*** Block opens ***

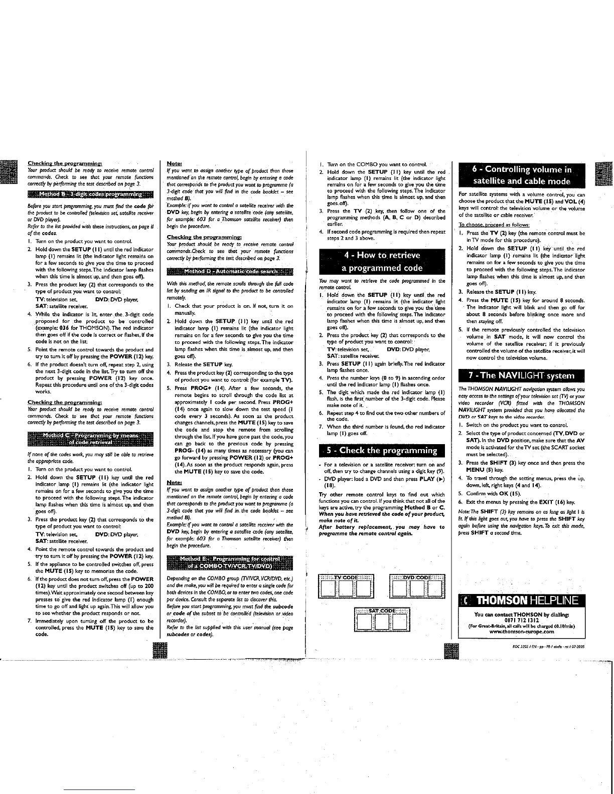 THOMSON ROC 3205 - Method B: 3-Digit Codes Programming; Method C: Code Retrieval Programming; Method D: Automatic Code Search; Method E: COMBO Device Programming
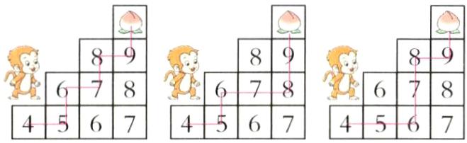 5. 小猴子按4~9的顺序走就能吃到桃子。想一想,一共有多少种不同的走法?
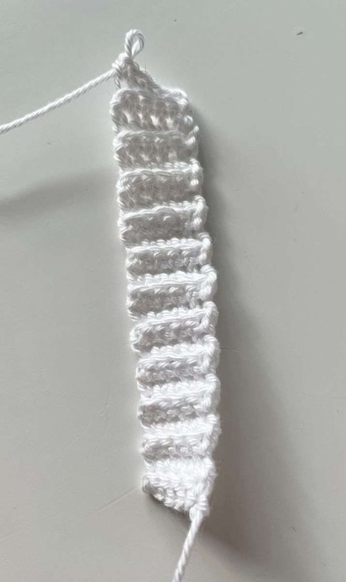 Runde 1 3 dstb, 4 stb, 1 dstb, 4 stb, 3 dstb, 2 lm, km in den mr (16)
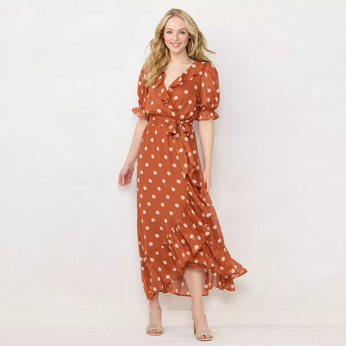 LC Lauren Conrad Polka-Dot Ruffle Faux-Wrap Dress, $, available at Kohl's
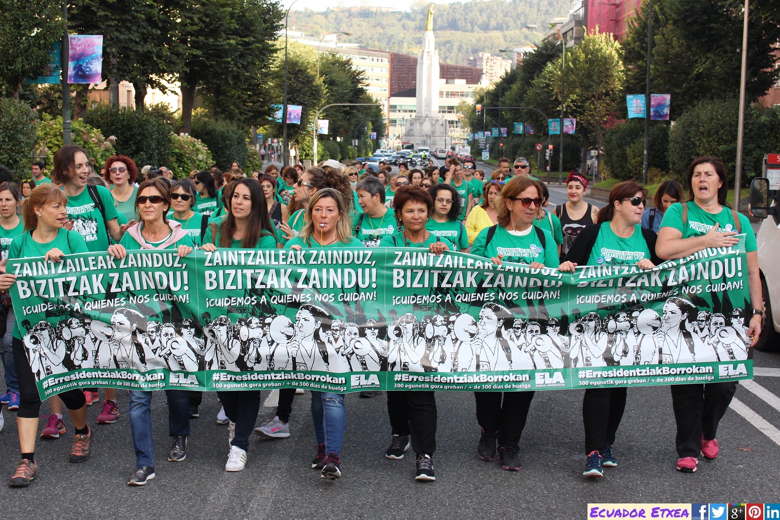 Las trabajadoras de las residencias de Bizkaia hacen un llamamiento a la ciudadanía de Bizkaia a que les acompañen en esta marcha y de una vez por todas se logre la consecución de un convenio sectorial que contenga las 35 horas semanales, más personal, la mejora en la calidad asistencial, salarios de 1.200 euros y la mejora en las cobertura de Its y en los diferentes pluses. (Fuente: ELA Sindikatua)

*** Block closes ***

The reply should consist only of the lines from the top of the material above through the line with "LC Lauren Conrad", printed exactly, pictures omitted.

 THOMSON ROC 3205 - Method B: 3-Digit Codes Programming; Method C: Code Retrieval Programming; Method D: Automatic Code Search; Method E: COMBO Device Programming
 5. 小猴子按4~9的顺序走就能吃到桃子。想一想,一共有多少种不同的走法?
 Runde 1 3 dstb, 4 stb, 1 dstb, 4 stb, 3 dstb, 2 lm, km in den mr (16)
 LC Lauren Conrad Polka-Dot Ruffle Faux-Wrap Dress, $, available at Kohl's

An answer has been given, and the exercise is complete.